04.12.2017 | Posted by Erik
A World Without Employees: What Does It Mean for You and Your Business?
“The End of Employees” was the title of an article that appeared in the Wall Street Journal in February 2017. The outsourcing of employees has been a topic of discussion since the 1990’s when companies began offshoring production processes to countries that provided cheap labor. Following that, companies started outsourcing call center work to countries like India and the Philippines.
More recently, American companies have found ways to outsource employees in various departments that in the past were handled in-house. Of course, the reason for this movement is primarily financial, through significant cost savings, but also the elimination of the many complex issues dealing with employees in general.
Supporting this process is the improved ability for C-Suite executives to monitor outsourced processes through greatly improved technology that allows for detailed monitoring and reporting that heretofore was hard to calculate. Some of these firms utilize outside contractors, some use firms that have businesses that specialize in certain tasks, and others use staffing companies. But in the end, the result is the same…the elimination of the difficulty in managing employees and the resulting improvement in the bottom line.
Why Companies Outsource
When outsourcing began in earnest in the 90’s, most of what was outsourced was production, apparel, furniture, electronics, etc., since the cost factors with off-shore production were too economical to ignore. There were, and still are, some negatives attached to this off-shoring; longer timeframes for manufacturing to account for shipping and customs, increased logistics costs, and the need for high-level employees and owners to make numerous visits overseas to monitor production at manufacturing facilities.
There has been a relatively small resurgence in companies bringing back some manufacturing to the US to take advantage of faster turnaround times and have local control. Some of this is due to automation which requires less human labor and many of these companies still outsource some of the processes to other US firms. As long as there is cheap labor, much of the manufacturing processes will continue to be off-shored, but now we are seeing a new trend in outsourcing, what the WSJ calls ‘The End of Employees’.
As businesses evolve, new ways to find cost savings without sacrificing quality are examined.
“Never before have American companies tried so hard to employ so few people”, says the WSJ. “The outsourcing wave that moved apparel-making jobs to China and call-center operations to India is just as likely to happen inside companies across the US in almost every industry”.
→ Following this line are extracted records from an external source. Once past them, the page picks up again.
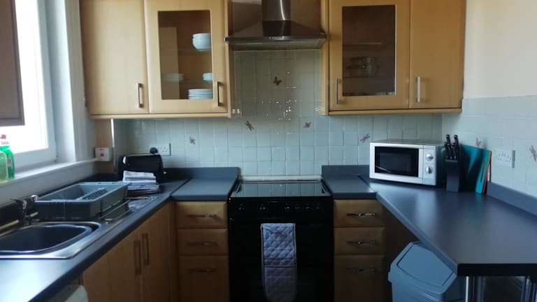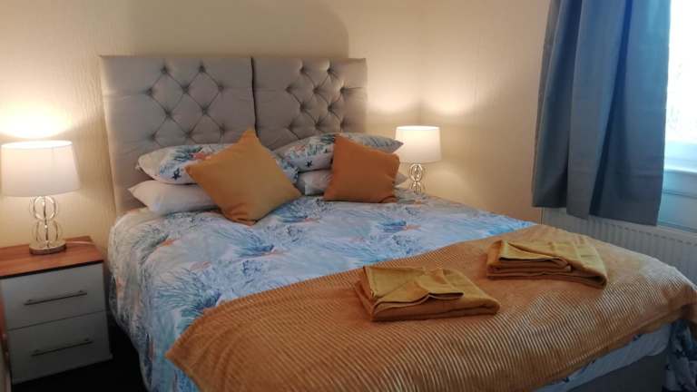Die Ferienwohnung verfügt über zwei Schlafzimmer, die Platz für bis zu 6 Personen bieten. Das gemütliche Wohnzimmer ist mit einem Flachbild-TV ausgestattet, auf dem Sie Ihre Lieblingssendungen genießen können. Die voll ausgestattete Küche bietet alles, was Sie für die Zubereitung Ihrer Mahlzeiten benötigen, einschließlich Kühlschrank und Backofen. Das Badezimmer verfügt entweder über eine Badewanne oder eine Dusche. Handtücher und Bettwäsche werden gestellt, so dass Sie sich um nichts kümmern müssen.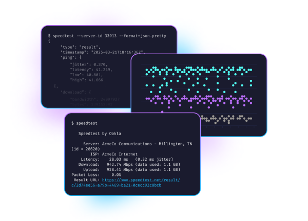 Speedtest CLI porta la tecnologia affidabile e la rete globale di server di Speedtest nella riga di comando.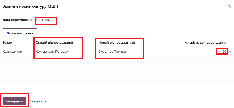 Після цього з'являється вспиливаюче вікно, в якому не обхідно заповнити Дату переміщення на іншу відповідальну особу, нового відповідального та кількість товару до переміщення, та натиснути кнопку Затвердити.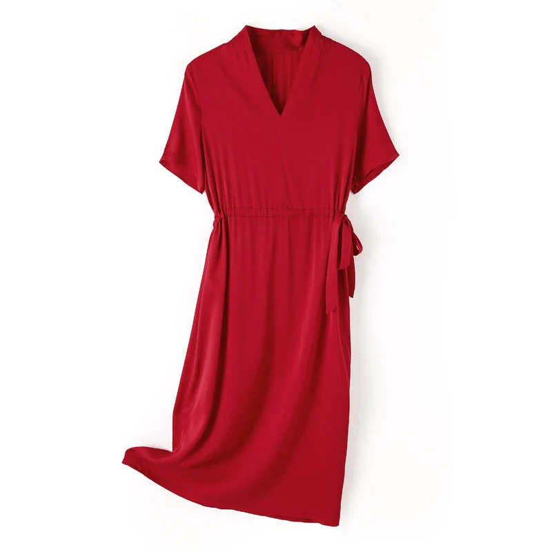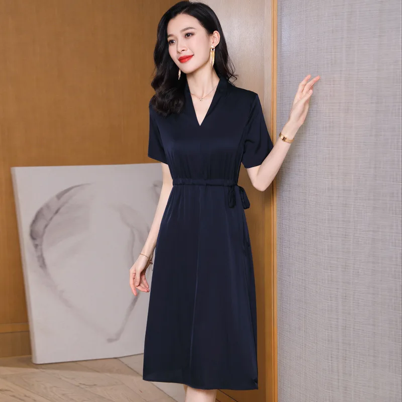 Product Name: Elegant Korean-Style Short-Sleeved Silk Dress Solid Color and Slimming for Ladies Natural Waistline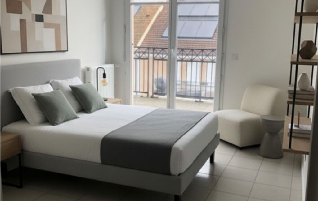 Un salon séjour lumineux donnant accès à un balcon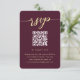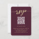 Esta elegante tarjeta de respuesta de bodas incluye un lugar para su código QR para que los huéspedes puedan desplazarse fácilmente por su sitio web boda. El frontal presenta un diseño sencillo y limpio con una tipografía de escritura moderna y un fondo de marsala de color burdeos. La parte trasera es una hermosa bayeta botánica y la huella verde de las vacaciones, perfecta para Navidades o bodas de invierno.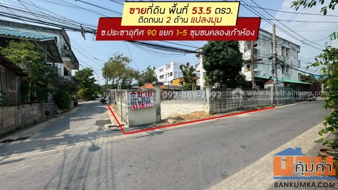 ขายที่ดิน ประชาอุทิศ90-1-8 ซอยชุมชนคลองเก้าห้อง พื้นที่ 51 ตรว. ติดถนนเมน แปลงมุม ขายเพียง 2.5 ล้านบาทเท่านั้น ขาย 2,500,000 บาท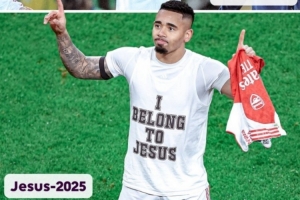 在上輪英超阿森納戰勝阿斯頓維拉的比賽中,熱蘇斯打進了他傷愈復出后的首粒進球,他進球后脫掉了自己的球衣慶祝,露出了里面的一句話:“我屬于耶穌。” (注:這并非原創的球衣標語,而是受到巴西傳奇球星卡卡的啟發,2007年AC米蘭在歐冠決賽中擊敗利物浦時,卡卡就曾身穿印有這句話的內衣)。

The difference this time is most of these outsourced jobs are staying in the US, just no longer directly managed by the companies that want to reduce their employee footprint and the challenges they can bring.
When you consider the myriad issues involved with a large staff; hiring process, training, employee evaluations, absenteeism, poor performance, increasing benefits costs, annual pay increases, layoffs, firing; all signs point to this trend growing in the future. C-Suite executives are realizing that the management of employees is a high-cost, high-maintenance endeavor and are looking for ways to eliminate internal office positions when they feel the potential gains are justified.
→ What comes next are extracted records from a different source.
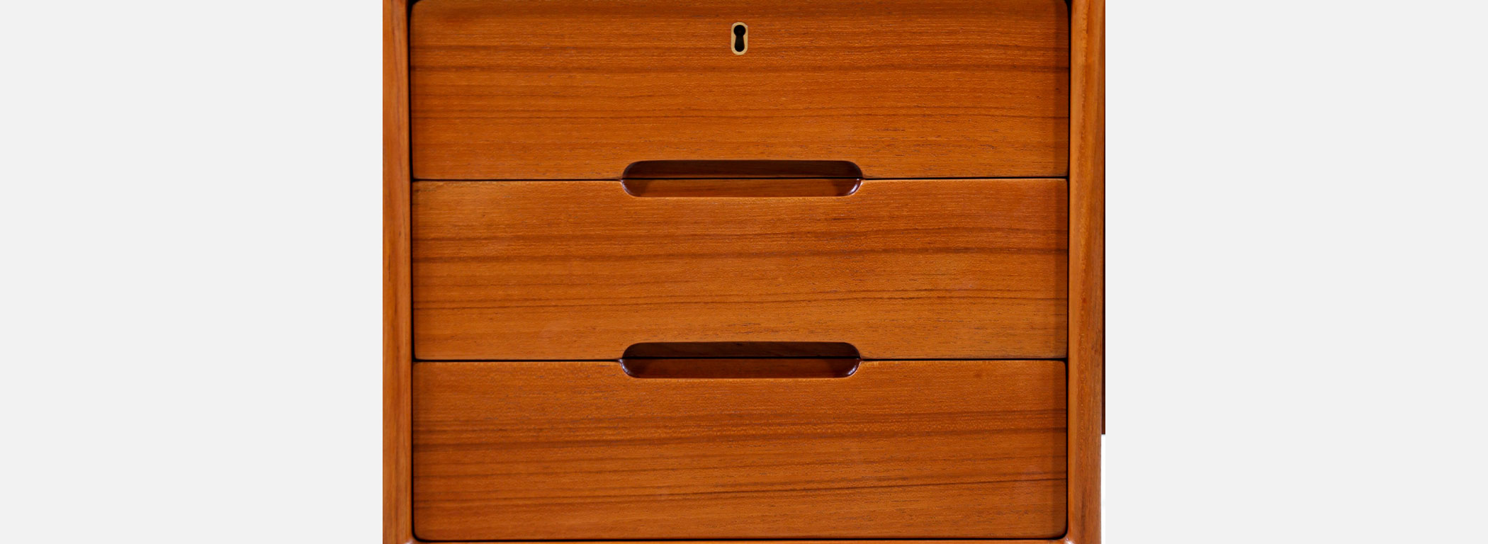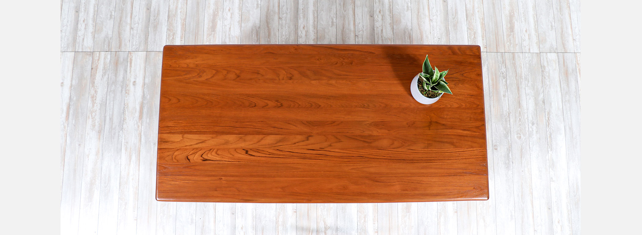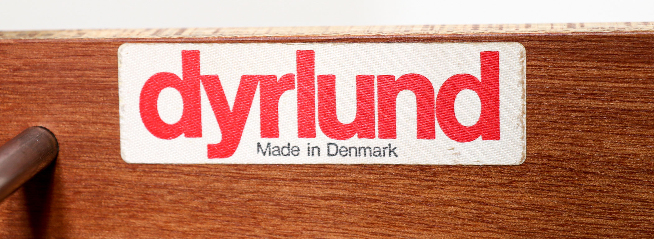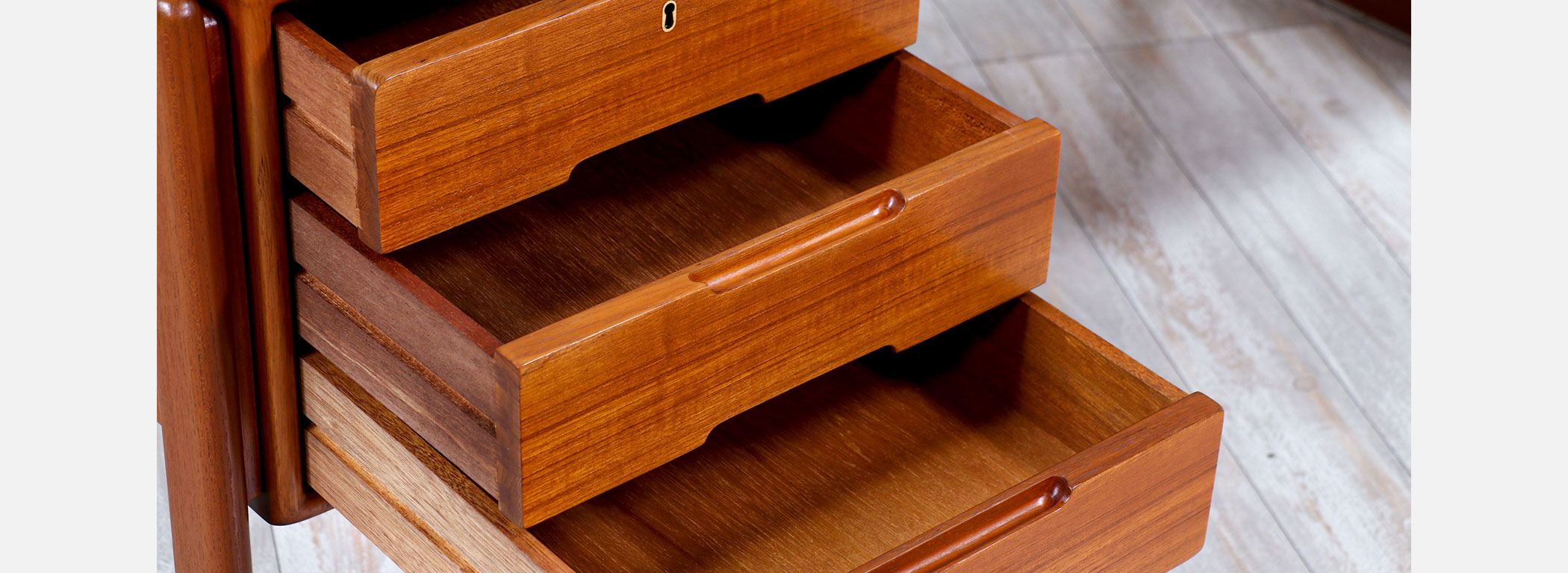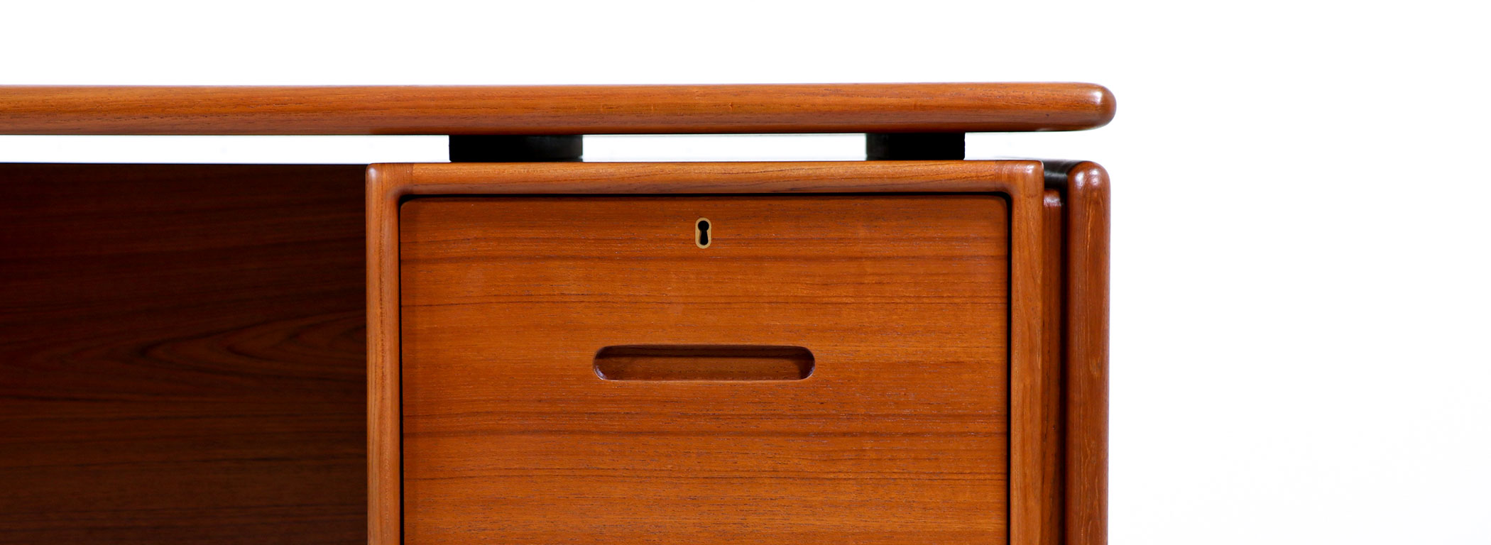 Stylish modern executive desk designed and manufactured in Denmark by Dyrlund circa 1960s. This striking Danish Modern design features a teak wood frame with three spacious drawers on its left side and filing drawer on its right side. Additionally it features an open back with two ample compartments for additional storage options. The top appears to float over the sled styled base creating a uniquely modern and lightweight aesthetic. The desk has been newly refinished by our expert craftsmen who ensured the visibility of the intricate teak grain. This desk would be an excellent addition to any home or office, giving you the perfect workspace while exuding elegance.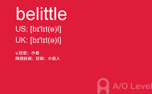 虽然英国a-level院校招生官常把“成绩不是决定录取与否的唯一因素”挂在嘴边,但不得不承认,a-level分数是学生优秀与否的有力证据,取得a-level成绩高分是肯定是优先考虑的。放松一下,先跟着a/o-level考试网来看看今天小编带来的是a-level单词belittle的介绍。如果您想了解a水准物理专业术语,alevel中文,alevel词汇表,alevel经济学真题等关于a-level考试的相关资讯,请继续浏览并关注课窝a/o-level考试网。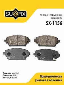 Колодки тормозные передние SUFIX SX-1156. Применение: HONDA Accord 98-02, NISSAN Almera Tino 00> / Primera(P12) 02>. ОЕ: 410604U125; 410604U126; 41060AV125; 41060AV126; 45022S1AE50 .

Outsourcing Across Industries
Outsourcing is now occurring regularly in many fields; accounting, human resource, IT, accounts receivable, accounts payable, marketing, advertising, and logistics. What were once seen as ideal positions in large companies are now recognized as ones that can be handled by other companies. Easy access to technology and focusing on their trade allows companies to manage their processes more efficiently, while easily providing transparent real-time reporting back to C-Suite executives.
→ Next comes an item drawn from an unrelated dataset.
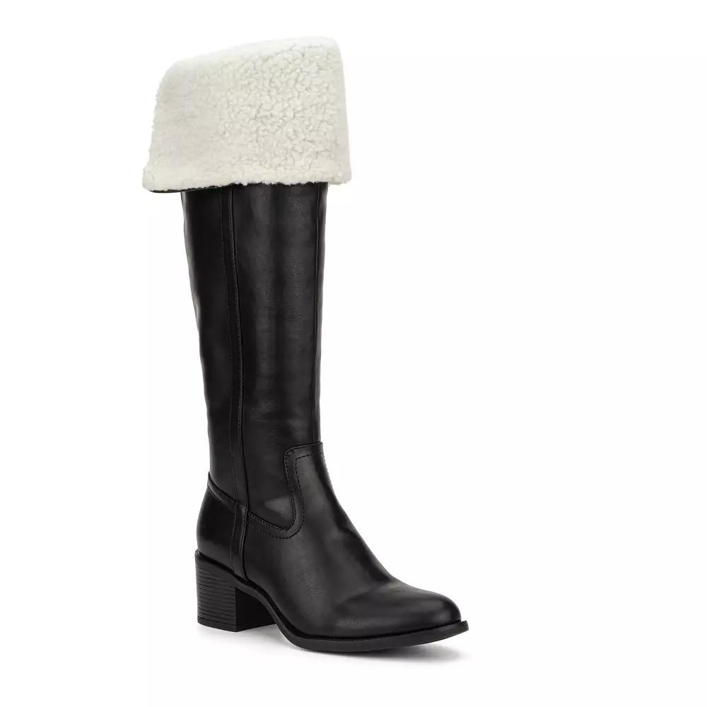 Step into cozy yet fashionable style with these New York & Company Devi women's sherpa knee-high boots.Click this FOOTWEAR GUIDE to find the perfect fit and more! Step into cozy yet fashionable style with these New York & Company Devi women's sherpa knee-high boots. Click this FOOTWEAR GUIDE to find the perfect fit and more! BOOT FEATURES Soft sherpa cuff Zipper for easy on and offBOOT CONSTRUCTION Polyurethane, sherpa upper Polyester lining TPR outsoleBOOT DETAILS Round toe Zipper closure Padded footbed 2.2-in. heel 15-in. shaft 15-in. circumference Size: 9. Color: Black. Gender: female. Age Group: adult.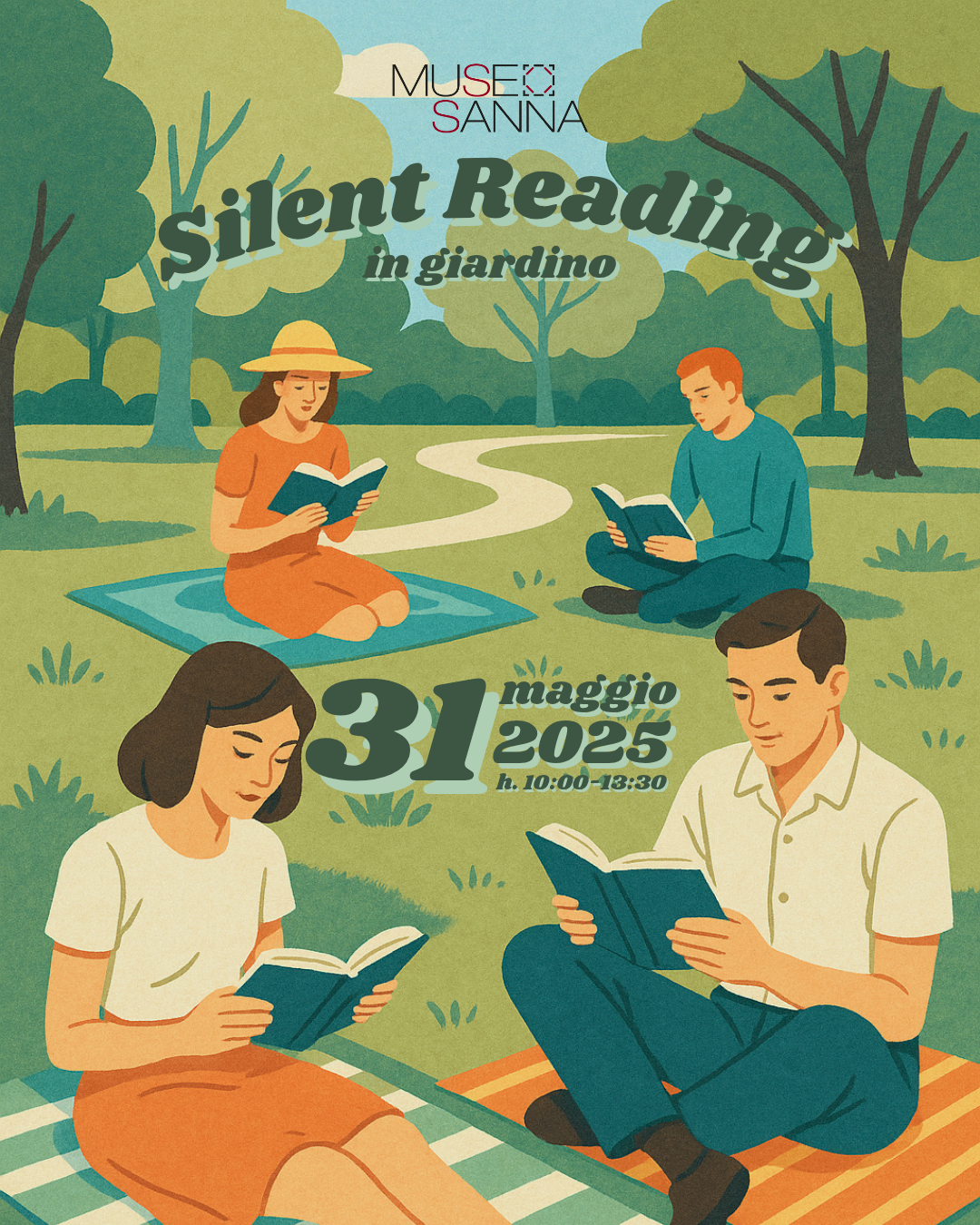 Sabato 31 maggio, dalle ore 10.00 alle ore 13:30, le persone di tutte le età sono invitate a un’esperienza di lettura silenziosa e condivisa. Non è previsto un programma di interventi. Si richiede di partecipare e godersi la lettura in un contesto diverso dal solito. Un libro tra le mani, il verde intorno e il tempo che rallenta: un momento per sé, condiviso con altri lettori. In silenzio ma insieme. Basta portare un libro e un telo o tappetino da casa, trovare un posto nel verde e unirsi alla lettura, in silenzio.

“Few companies, workplace consultants or economists expect this outsourcing trend to reverse. Moving non-core jobs out of a company allows them to devote more time and energy to the things it does best”, says the WSJ.
Outsourcing firms often have economies of scale and concentrate on a limited number of job types, sometimes just one, like accounts receivable management or HR. Plus, outsourcers, to ensure competitiveness and low costs, develop sophisticated software to provide efficiencies that most businesses won’t or can’t spend time or resources on.
The Future of Outsourcing
As more companies, large and small embrace this shift, new companies will spring up to fill the need. These firms will be more specialized and they will become experts in their field. They create their own economic benefits in the hiring and training of specialists to do the work while using dedicated software to keep their own costs down. This allows them to streamline processes and provide on-demand reports that prove their worth to their clients. These companies could be as small as a single person working in the “gig” economy or can be larger in scale but all have the same goal; be the experts in the field and provide a superior service to each client.
Companies that don’t recognize or conform to this change in thinking will be at a disadvantage, compared to the streamlined operations of their competitors, and could find themselves falling behind by not driving down to the only issue that is essential to their success, what they sell. Think of the improved resource time in a day if owners and managers are concentrating on how to develop, build and sell their product, without the time-consuming side issues of managing individual employees.
Technological advances and computers are pushing businesses forward at warp speed. The best C-Suite executives recognize that they must be forward thinking and be the best they can be at their core business. This does not include managing a host of internal jobs that in the new world can be outsourced to companies or individuals with more expertise in those areas, at a lower cost.
Are we headed towards a world without employees? What would your day look like without the added stress of non-essential tasks? Is this future possible and is it where we should be? Time will tell.